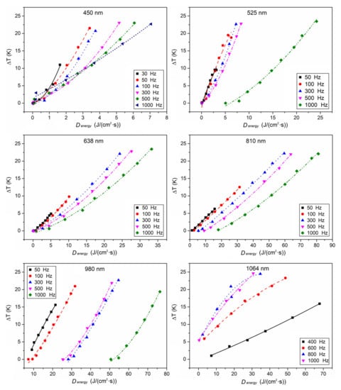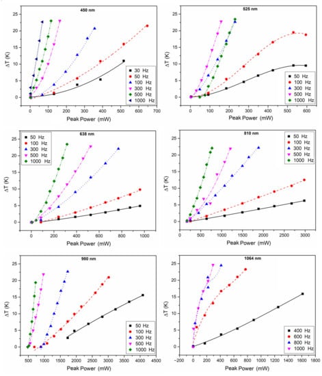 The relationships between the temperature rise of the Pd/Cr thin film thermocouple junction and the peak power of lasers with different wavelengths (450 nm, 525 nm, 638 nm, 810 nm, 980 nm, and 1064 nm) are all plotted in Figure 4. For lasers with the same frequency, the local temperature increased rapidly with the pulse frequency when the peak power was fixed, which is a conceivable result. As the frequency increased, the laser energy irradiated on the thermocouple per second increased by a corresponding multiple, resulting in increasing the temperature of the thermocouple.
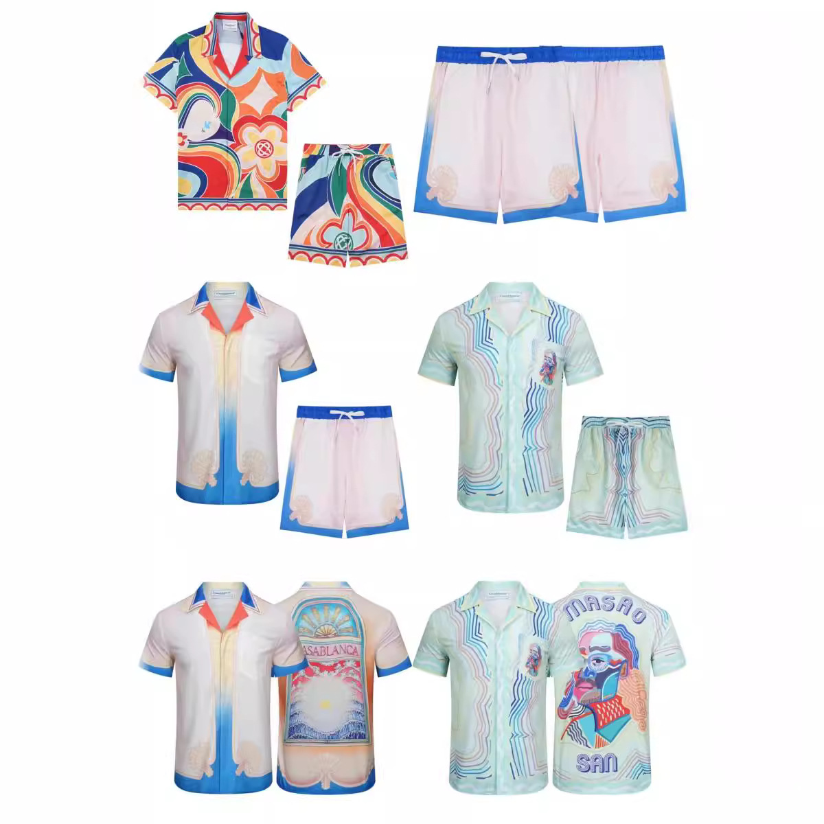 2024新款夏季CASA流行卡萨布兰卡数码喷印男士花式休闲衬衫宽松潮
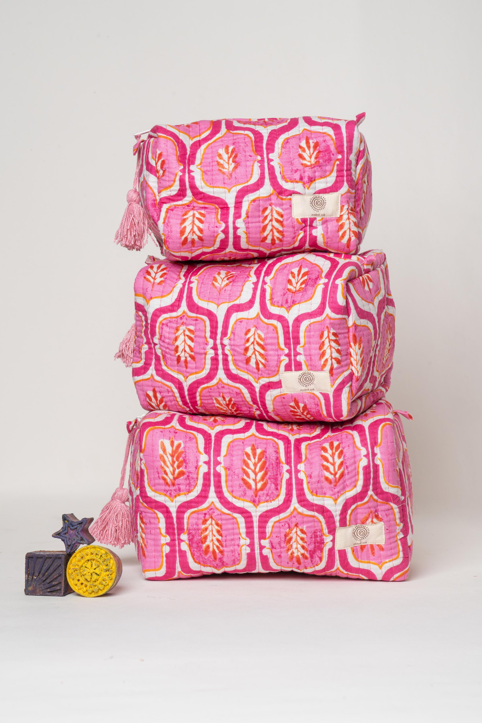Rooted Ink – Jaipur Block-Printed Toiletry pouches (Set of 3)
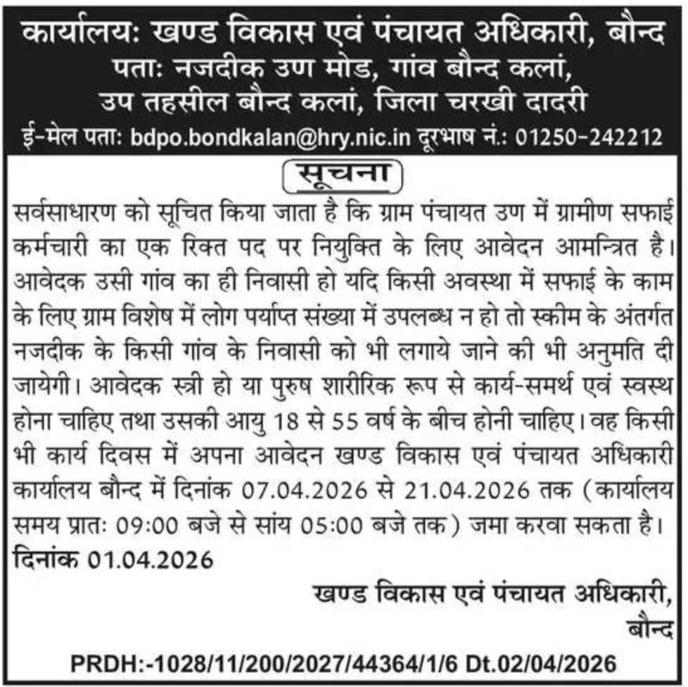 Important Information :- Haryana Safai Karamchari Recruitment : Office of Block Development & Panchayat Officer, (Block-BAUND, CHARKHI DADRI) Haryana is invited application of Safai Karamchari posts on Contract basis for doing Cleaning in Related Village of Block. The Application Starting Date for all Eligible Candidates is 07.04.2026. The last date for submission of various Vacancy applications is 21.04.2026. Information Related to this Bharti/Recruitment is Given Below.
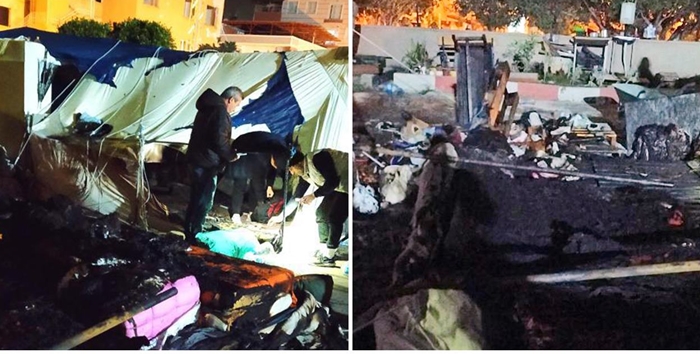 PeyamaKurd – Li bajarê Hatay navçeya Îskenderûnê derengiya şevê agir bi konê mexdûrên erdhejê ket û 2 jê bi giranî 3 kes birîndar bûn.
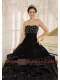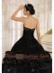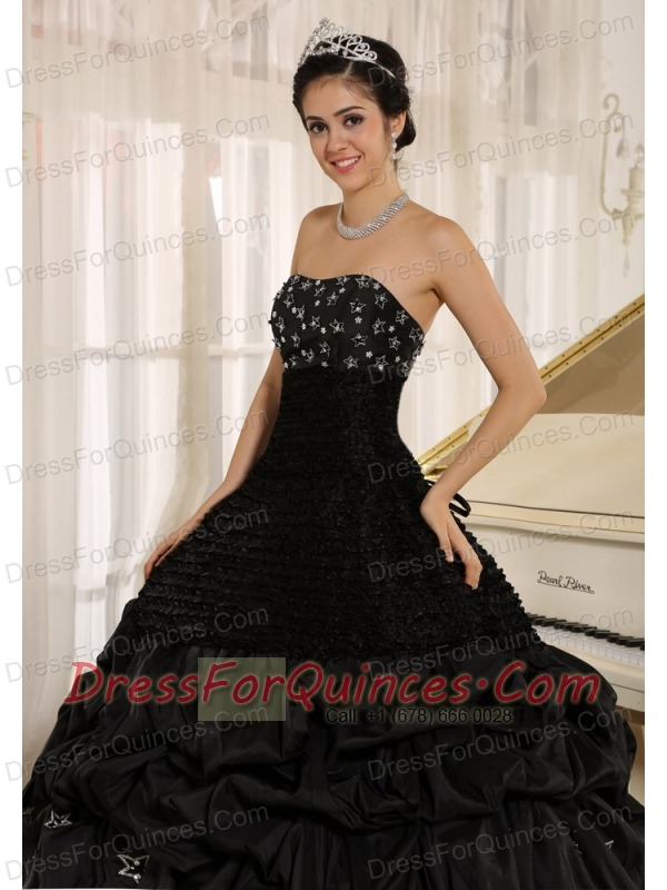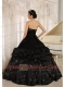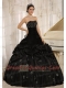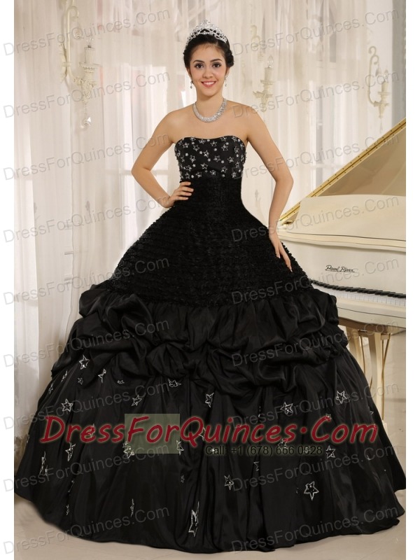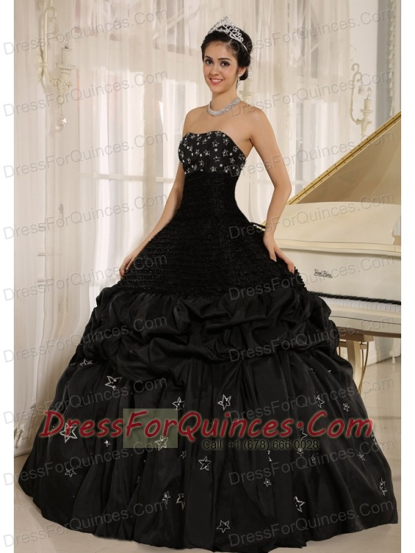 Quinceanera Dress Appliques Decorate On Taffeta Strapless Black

==

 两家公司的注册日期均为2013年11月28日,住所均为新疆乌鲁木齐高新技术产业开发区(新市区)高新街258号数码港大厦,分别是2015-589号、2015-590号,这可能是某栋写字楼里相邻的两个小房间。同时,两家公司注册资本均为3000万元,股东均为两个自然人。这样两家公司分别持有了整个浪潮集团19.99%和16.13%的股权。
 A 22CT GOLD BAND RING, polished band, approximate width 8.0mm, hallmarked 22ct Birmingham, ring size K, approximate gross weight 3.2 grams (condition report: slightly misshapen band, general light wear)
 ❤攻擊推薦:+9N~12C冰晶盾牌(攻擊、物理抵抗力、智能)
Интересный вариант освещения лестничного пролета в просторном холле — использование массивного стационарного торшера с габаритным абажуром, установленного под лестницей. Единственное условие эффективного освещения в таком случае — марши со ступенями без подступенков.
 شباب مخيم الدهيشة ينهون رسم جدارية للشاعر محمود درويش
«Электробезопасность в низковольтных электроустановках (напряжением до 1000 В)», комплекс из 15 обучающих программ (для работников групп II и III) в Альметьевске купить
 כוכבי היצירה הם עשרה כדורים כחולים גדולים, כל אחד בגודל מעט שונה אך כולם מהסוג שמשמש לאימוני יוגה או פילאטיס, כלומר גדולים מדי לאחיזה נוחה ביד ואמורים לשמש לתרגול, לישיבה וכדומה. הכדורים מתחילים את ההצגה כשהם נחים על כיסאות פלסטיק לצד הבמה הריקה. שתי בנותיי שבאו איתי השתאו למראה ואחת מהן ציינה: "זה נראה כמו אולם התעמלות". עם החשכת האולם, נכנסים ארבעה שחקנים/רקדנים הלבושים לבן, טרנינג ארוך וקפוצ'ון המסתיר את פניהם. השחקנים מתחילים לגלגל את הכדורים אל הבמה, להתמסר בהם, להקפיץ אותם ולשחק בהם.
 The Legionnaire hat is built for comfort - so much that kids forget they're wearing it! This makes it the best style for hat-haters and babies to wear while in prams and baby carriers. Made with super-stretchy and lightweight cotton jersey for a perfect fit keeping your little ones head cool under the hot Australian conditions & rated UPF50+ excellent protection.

==

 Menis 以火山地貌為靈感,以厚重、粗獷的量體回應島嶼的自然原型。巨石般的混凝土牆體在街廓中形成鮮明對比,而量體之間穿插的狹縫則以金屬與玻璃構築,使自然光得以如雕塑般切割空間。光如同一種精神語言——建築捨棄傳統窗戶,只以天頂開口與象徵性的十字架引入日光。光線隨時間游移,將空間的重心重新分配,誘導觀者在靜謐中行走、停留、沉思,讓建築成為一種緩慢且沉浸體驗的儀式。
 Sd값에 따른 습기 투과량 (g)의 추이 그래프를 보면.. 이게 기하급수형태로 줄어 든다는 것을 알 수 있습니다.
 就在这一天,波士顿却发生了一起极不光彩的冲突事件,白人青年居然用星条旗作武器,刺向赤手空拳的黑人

> **WHAT YOU HAVE TO DO**
Return, from the data, each line that has the word "wear" in it.

> **SOLUTION BELOW**
 A 22CT GOLD BAND RING, polished band, approximate width 8.0mm, hallmarked 22ct Birmingham, ring size K, approximate gross weight 3.2 grams (condition report: slightly misshapen band, general light wear)
 The Legionnaire hat is built for comfort - so much that kids forget they're wearing it! This makes it the best style for hat-haters and babies to wear while in prams and baby carriers. Made with super-stretchy and lightweight cotton jersey for a perfect fit keeping your little ones head cool under the hot Australian conditions & rated UPF50+ excellent protection.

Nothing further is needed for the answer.